Public

Multiagent document taxonomist

General-purpose cloud-native platform for extracting structured data from unstructured PDFs. Induces an extraction schema from example documents, then processes batches through event-driven LLM workers at scale.

Stack

Python · FastAPI · GCP (Cloud Run, Cloud Functions, Firestore) · Gemini · OpenAI · Pydantic · React · Vite

Artifacts

Public demo / repo

TL;DR

Schema induction via LLM agent: proposes and refines an extraction schema from example documents automatically.
Cloud-native architecture: FastAPI (Cloud Run) + event-driven workers (Cloud Functions Gen2) + Firestore state.
Idempotent by design: per-file transaction guards, exponential backoff, dual LLM fallback (Gemini, then OpenAI).
Domain-agnostic: apply to any document corpus (legal, financial, medical) by inducing a new schema.

Reusable patterns

Schema induction via LLM agents: auto-designs extraction templates from example documents, with no manual field mapping.
Idempotent event-driven workers: Firestore per-file locks prevent duplicate processing under retries or concurrent triggers.
Multi-provider LLM fallback: if the primary (Gemini) fails, the system switches automatically to the backup (OpenAI) via a shared adapter interface.
Map/reduce over PDF chunks: parallel LLM extraction per chunk, reduce aggregates with source provenance.
Auto-generated SDKs from OpenAPI spec: typed JS and Python clients; consumers never import backend internals.

Context

Unstructured PDFs are everywhere (legal filings, financial reports, procurement documents), but extracting structured data from them requires writing a parser for each format.
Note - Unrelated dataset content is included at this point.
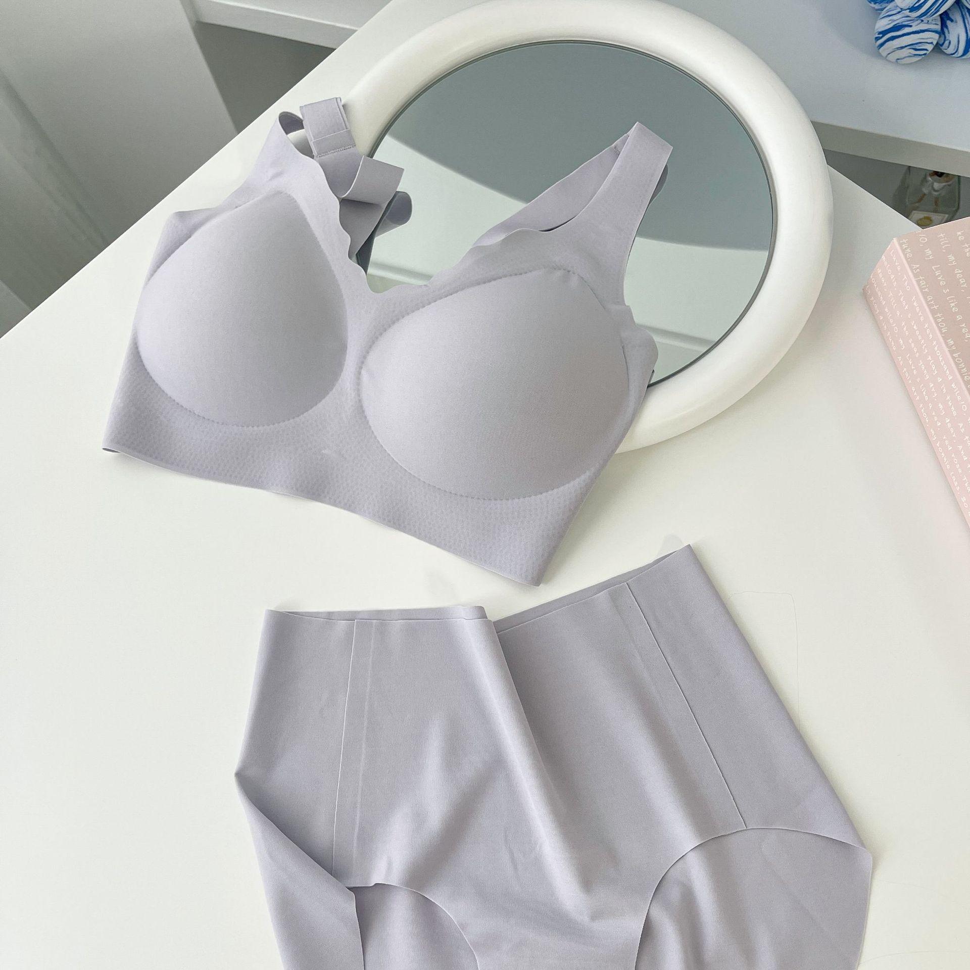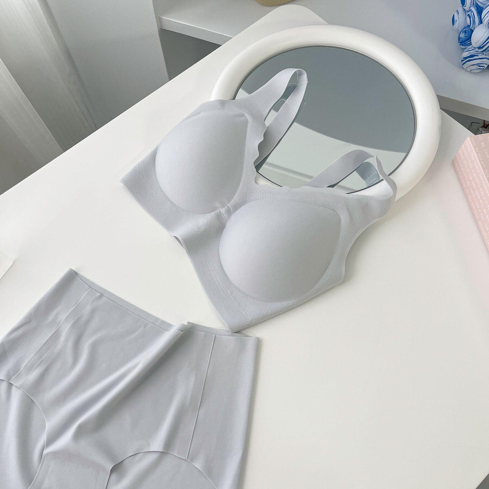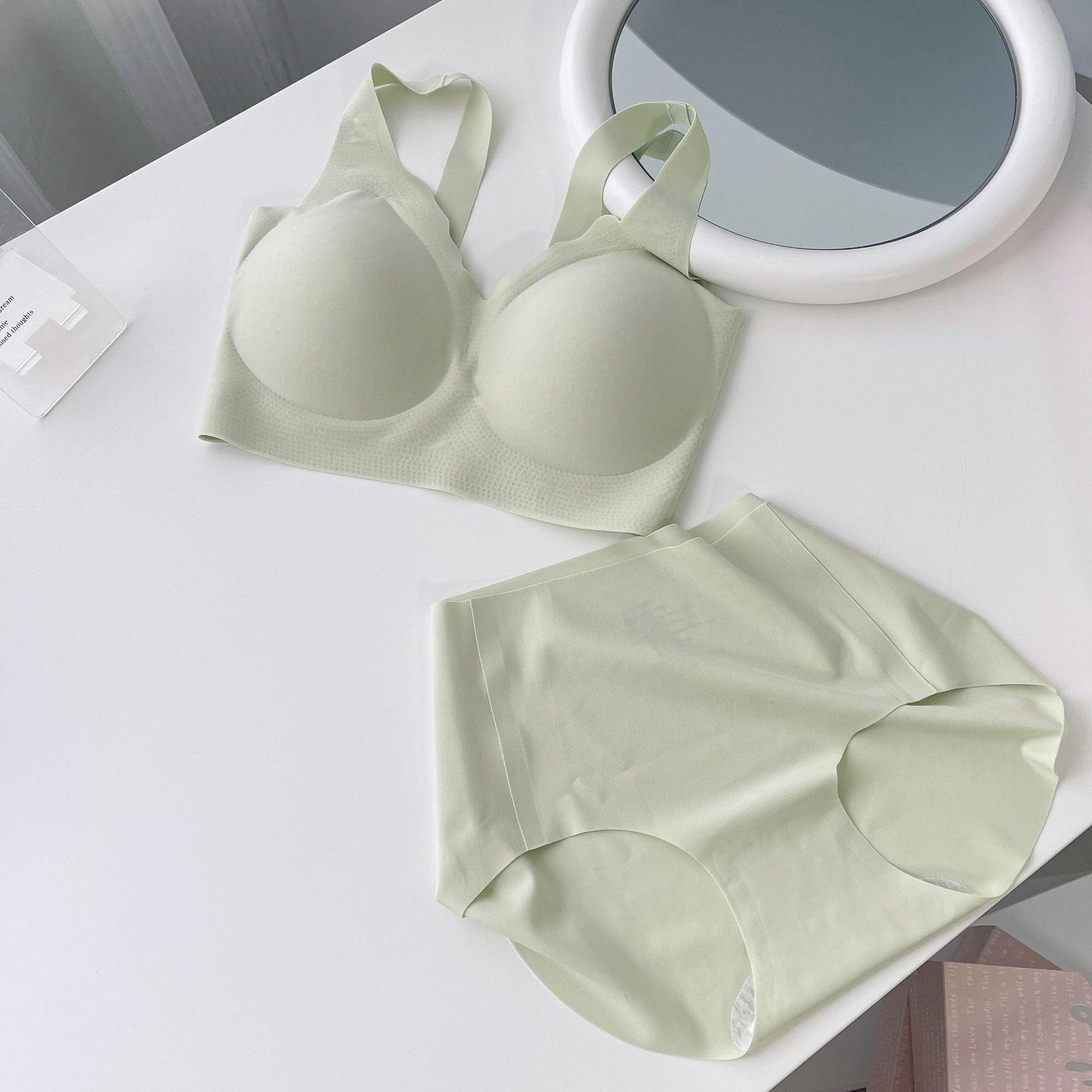 下单即送同款式内裤!「娜比同款」 云感深V小浪花文胸套装 无痕一片式 无钢圈 透气薄款内衣

Goal: build a platform where the extraction schema is induced automatically from examples, and the processing pipeline scales to thousands of documents without manual intervention.
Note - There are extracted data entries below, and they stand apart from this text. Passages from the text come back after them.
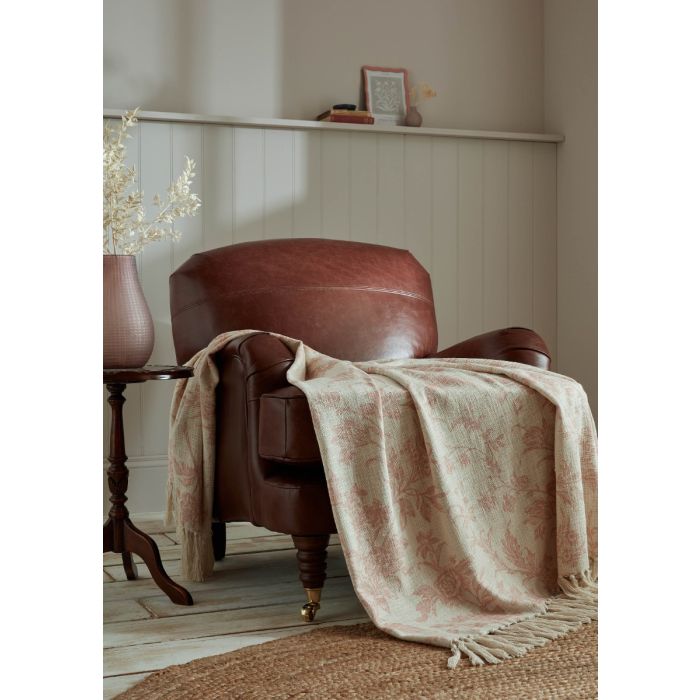 Timelessly elegant, the Lloyd print is an intricate floral trail design with romantically curving floral stems of tulips, primulas and potentillas. Delicately printed onto cotton in a plaster pink with attractive slub detailing, this beautiful throw is a stylish addition to your home. Composition 100% Cotton..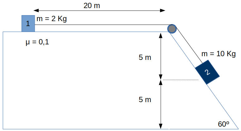 17. Calcula la velocidad con la que el cuerpo 2 choca contra el suelo.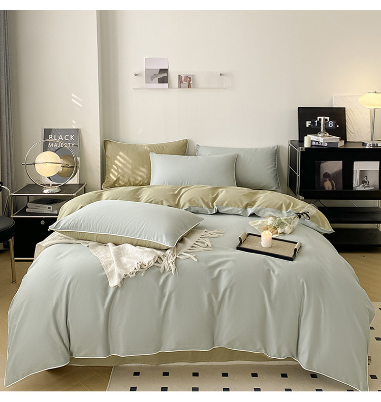 (总)万盛家纺 2025新款全棉水洗棉拼色四件套,宾利蓝拼淡咖,灰拼浅咖,抹茶绿拼淡咖,浅咖拼软桃,浅紫拼灰,软桃拼冰心,烟粉拼灰,夜色灰拼军绿

The platform is domain-agnostic: it has been applied to judicial appeal documents (TARCJA) and is designed to work on any document corpus with minimal configuration.

Decisions

Schema induction via LLM agents: a SchemaDesigner agent proposes field names, types, rules, and synonyms by analyzing a sample of documents, instead of requiring manual schema definition.
Cloud Functions Gen2 triggered by GCS object events (Eventarc): each uploaded PDF spawns an independent worker, enabling natural parallelism without an explicit queue.
Firestore for idempotent state: per-file transaction records guard against reprocessing, so any job is safe to retry, replay, or resume.
Dual LLM fallback (Gemini, then OpenAI): provider failures fall through automatically via a shared adapter interface, swappable with a single env variable.
Monorepo with shared core package: backend and worker both install multiagent-core (editable), with no logic duplication and no cross-app imports.
Auto-generated SDKs from OpenAPI spec: typed JS and Python clients allow consumers (frontend, CLI scripts) to interact without importing backend internals.

Architecture

FastAPI (Cloud Run) handles job orchestration, signed GCS upload URLs, schema induction endpoints, and health checks.
Cloud Function Gen2 triggers on GCS finalization events (Eventarc): one invocation per uploaded PDF.
Firestore tracks per-file status atomically, preventing duplicate processing under concurrent retries.
Shared core package (multiagent-core): domain models, LLM adapters, chunking logic, and storage services, installed in both backend and worker.
React frontend (Vite): schema inducer UI, document uploader, job status monitor, and results viewer, communicating exclusively via the generated JS SDK.

Outcome

Applied to 5200+ judicial appeal documents (TARCJA project): 95–100% core field coverage, 16.8s avg latency per document.
Schema induction reduces domain setup from hours of manual field mapping to minutes of agent-guided refinement.
Idempotent processing: any failed or partial job can be retried or replayed without risk of duplicate records.
Architecture scales horizontally: each PDF is an independent Cloud Function invocation, and throughput grows with GCS upload rate.